━━ Provided entries

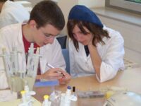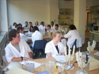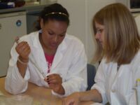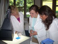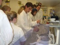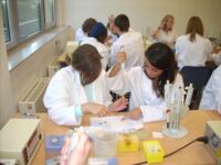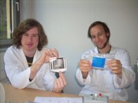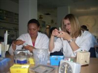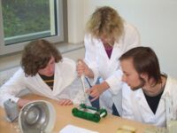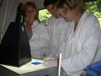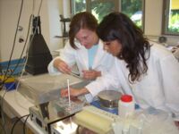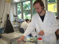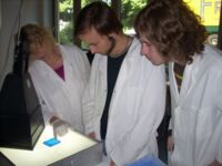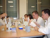Die Schüler konnten hier in einem Labor mit professioneller Ausstattung Experimente zur Gentechnik (DNA-Isolierung, Trennung von DNA durch Gelelektrophorese, Vervielfältigung von DNA-Spuren mit Polymerase-Kettenreaktion etc.) selbst durchführen.
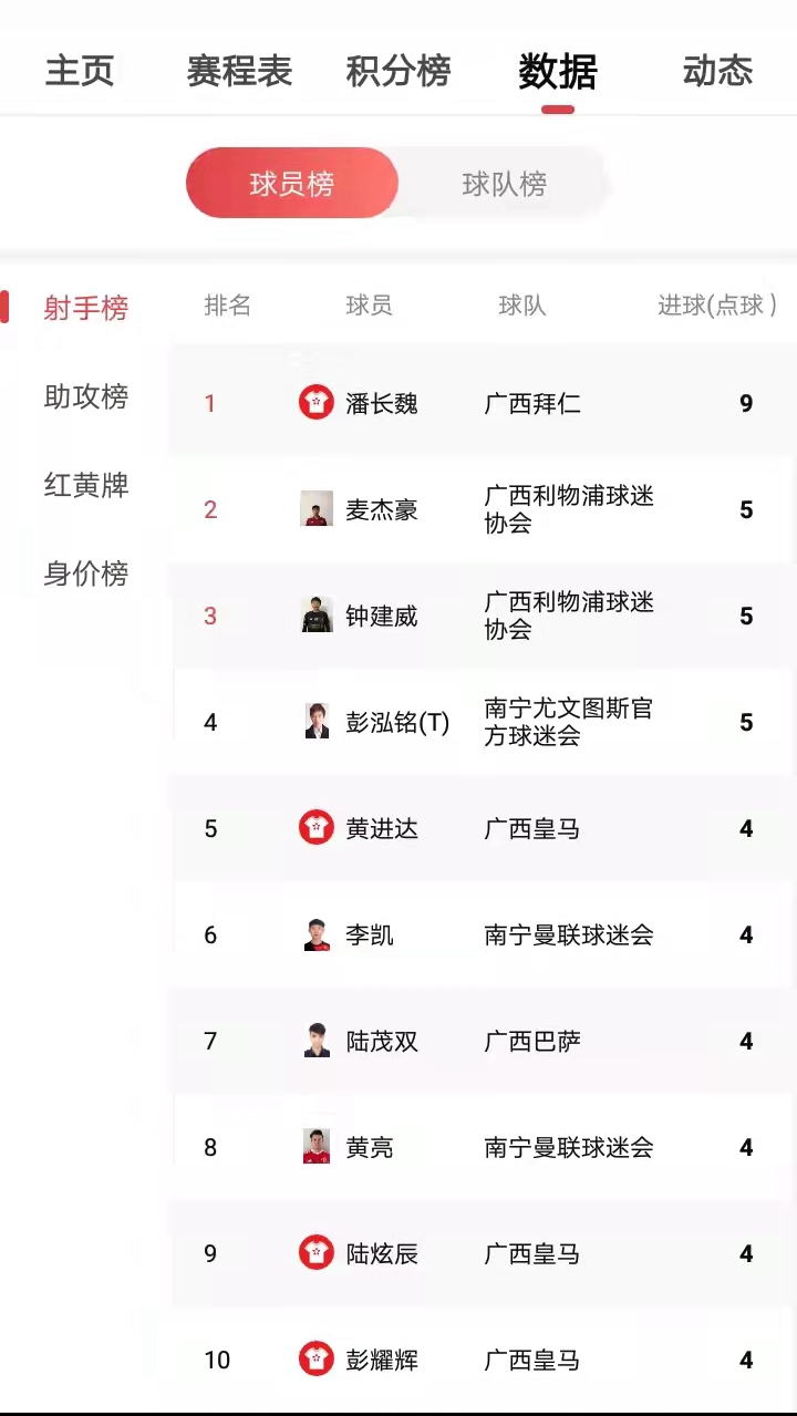 广西豪门杯第五轮总计打入26球,场均8.7球,大开大合场面奔放。广西利物浦和南宁国米同积分积10分,广西利物浦以净胜球的优势排名榜首,同积7分的广西皇马、和南宁尤文紧随其后。射手榜方面,潘长魏本轮没有斩获但依然以9球排名榜首,攻入5球的钟建威、麦杰豪、彭泓铭在第二名的位置蓄势待发。
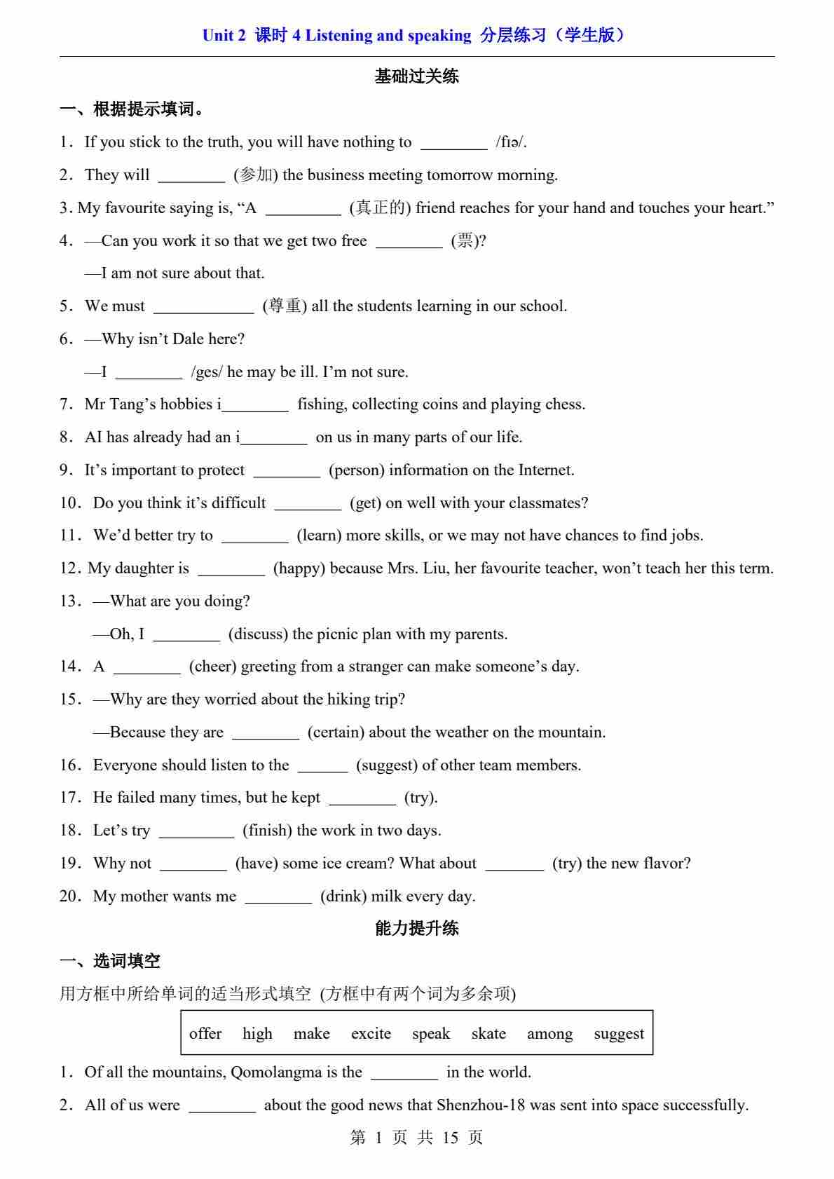 Unit 2 课时4 Listening and speaking(分层练习)-外研版-八上英语
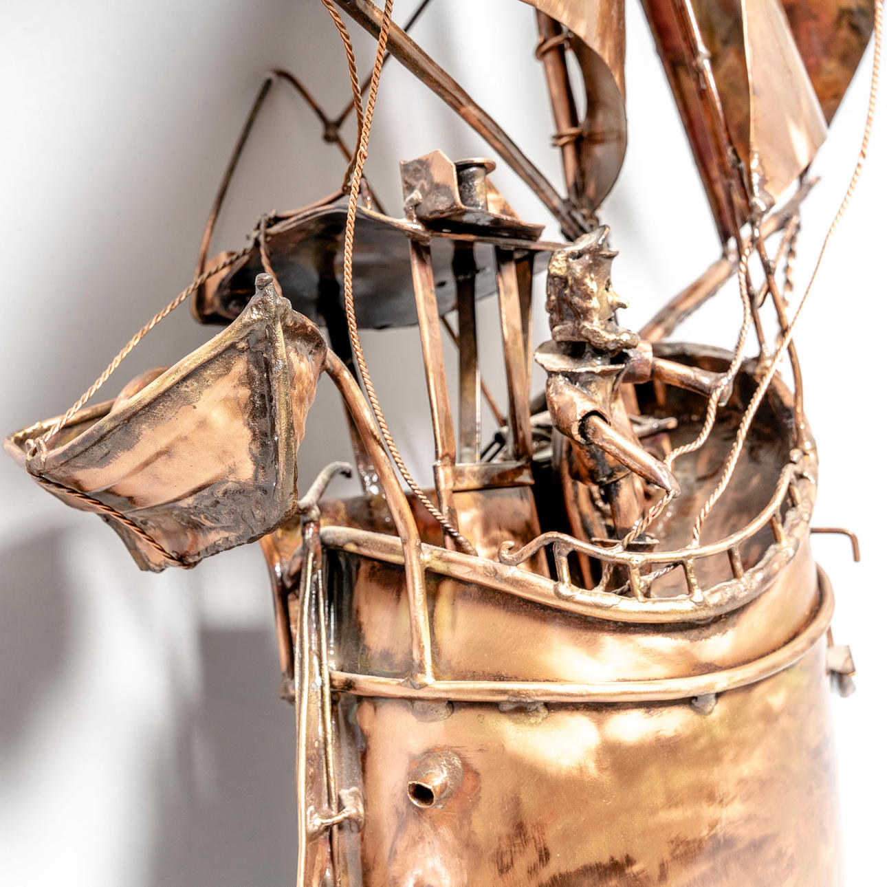 Wall sculpture depicting a ship, made of copper sheet and copper wire
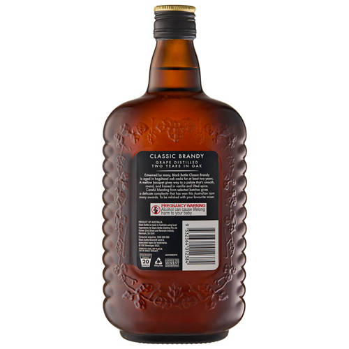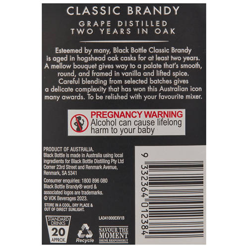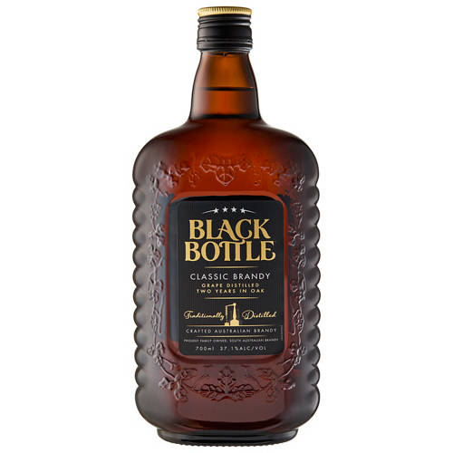 Black Bottle Brandy offers a smooth richness, expertly crafted and aged in oak hogsheads for over two years.
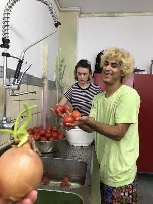 Over the delicious Ramadan spread, which included chicken and rice, a vegetarian tahini dish, dates and more, students made friends with Oberhausen Theater guests and reflected on the first day of their Kitev collaboration. “My mom always talks about her own escape from political unrest in Nicaragua. But working in the kitchen with the chefs who are seeking refuge today was the first time I really felt personally connected to the turmoil of migration,” said LMU studio arts student, Michael Mahammadie-Sabet.
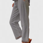 Vstopite v brezskrbni sodobni slog s temi elegantnimi hlačami s kontrastnimi robovi. Zasnovane za združevanje udobja s sofisticiranostjo, tako popolna nadgradnja vaše vsakodnevne garderobe — ne glede na to, ali se odpravljate na brunch ali v sejni sobi.
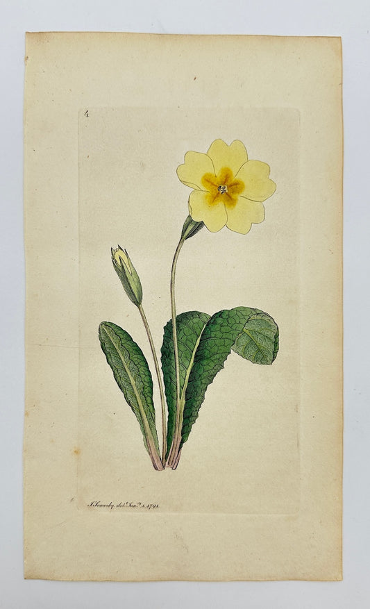 Antique Print - James Sowerby - Primula Vulgaris - Common Primrose - F1
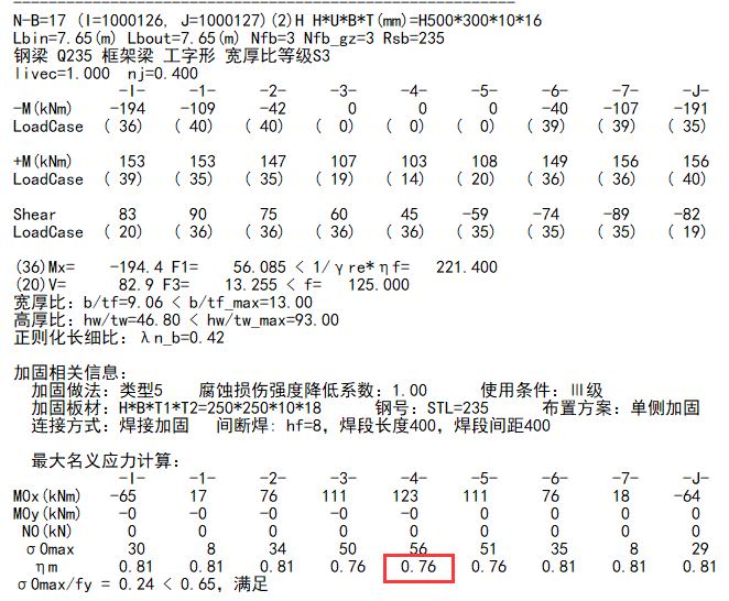 下图中的钢梁加固计算完成后,查看构件信息,其中第4截面的强度修正系数ηm=0.76。
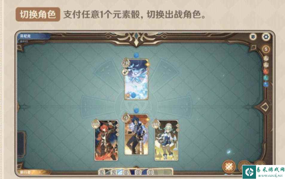 ①切人价值 切人是需要花费一个骰子的,从全局视角来看,如果整局都不切人,是最赚骰子的方式,因为一个角色死亡后,会免费切换一次,相当于赚了一骰。所以主动切人的收益至少要大于一骰子,才会考虑切人。 ②进攻切 以进攻为目的的切人,比如为了触发元素反应,或者切换到充能满的角色来释放大招,这种进攻切是非常常见的,通过触发元素反应,或者击杀对手关键角色来获得巨大收益。 ③防守切 为了让前台角色不死亡从而进行的切人操作,这种操作前要首先思考对方斩杀线,然后考虑切换到哪一位角色来承受更合适。 还有另一种防守切,是为了让对方不触发元素反应,让对方战术落空,这种收益不一定很高,所以要具体情况具体分析。 1.6 使用手牌
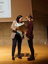Übergabe des Dr. Katharina Sailer-Preises durch Präsident Prof. Dr. Udo Hebel (Foto: Franziska Seitz)
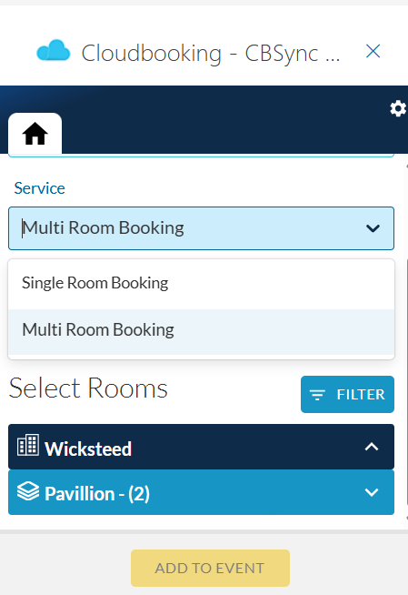 Once the add-in is open select the drop down under ‘Service’ and select ‘Multi Room Booking’.
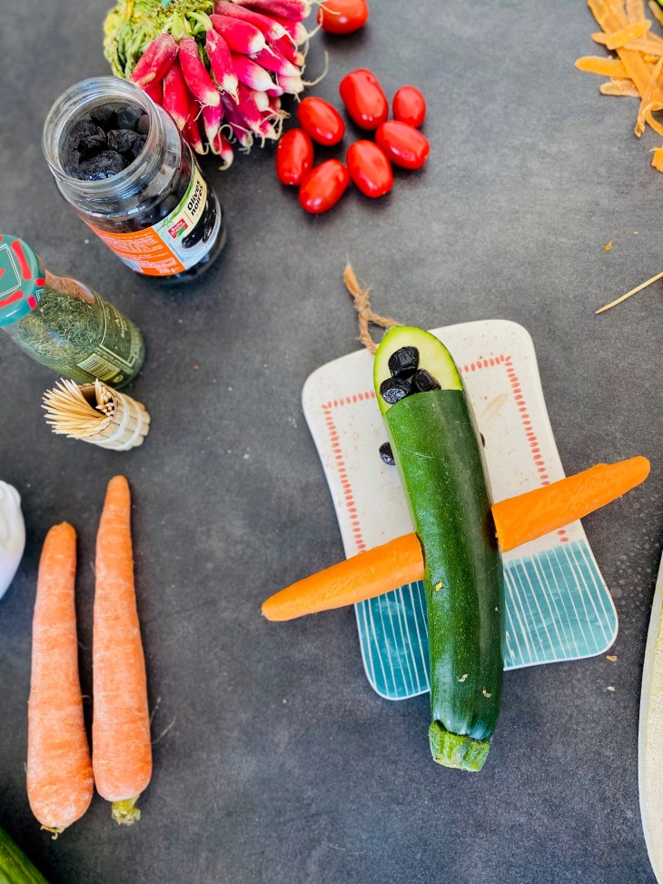 Et l’avion dans tout ça me direz-vous ? Nous vous proposons avec Aurélie de construire un avion… à partir de vos légumes ! Il sera la pièce centrale (et comestible !) de votre apéritif. De quoi vous amuser à le construire, avec (ou sans 😊) les enfants.

━━━━

## Exercise brief:
Your output should consist solely of the lines from the line containing "还有另一种防守切,是为了让对方不触发元素反应,让对方战术落空,这种收益不一定很高,所以要具体情况具体分析。 1.6 使用手牌" through the last line of the entries, verbatim, minus any pictures.

## Reply:
 ①切人价值 切人是需要花费一个骰子的,从全局视角来看,如果整局都不切人,是最赚骰子的方式,因为一个角色死亡后,会免费切换一次,相当于赚了一骰。所以主动切人的收益至少要大于一骰子,才会考虑切人。 ②进攻切 以进攻为目的的切人,比如为了触发元素反应,或者切换到充能满的角色来释放大招,这种进攻切是非常常见的,通过触发元素反应,或者击杀对手关键角色来获得巨大收益。 ③防守切 为了让前台角色不死亡从而进行的切人操作,这种操作前要首先思考对方斩杀线,然后考虑切换到哪一位角色来承受更合适。 还有另一种防守切,是为了让对方不触发元素反应,让对方战术落空,这种收益不一定很高,所以要具体情况具体分析。 1.6 使用手牌
Übergabe des Dr. Katharina Sailer-Preises durch Präsident Prof. Dr. Udo Hebel (Foto: Franziska Seitz)
 Once the add-in is open select the drop down under ‘Service’ and select ‘Multi Room Booking’.
 Et l’avion dans tout ça me direz-vous ? Nous vous proposons avec Aurélie de construire un avion… à partir de vos légumes ! Il sera la pièce centrale (et comestible !) de votre apéritif. De quoi vous amuser à le construire, avec (ou sans 😊) les enfants.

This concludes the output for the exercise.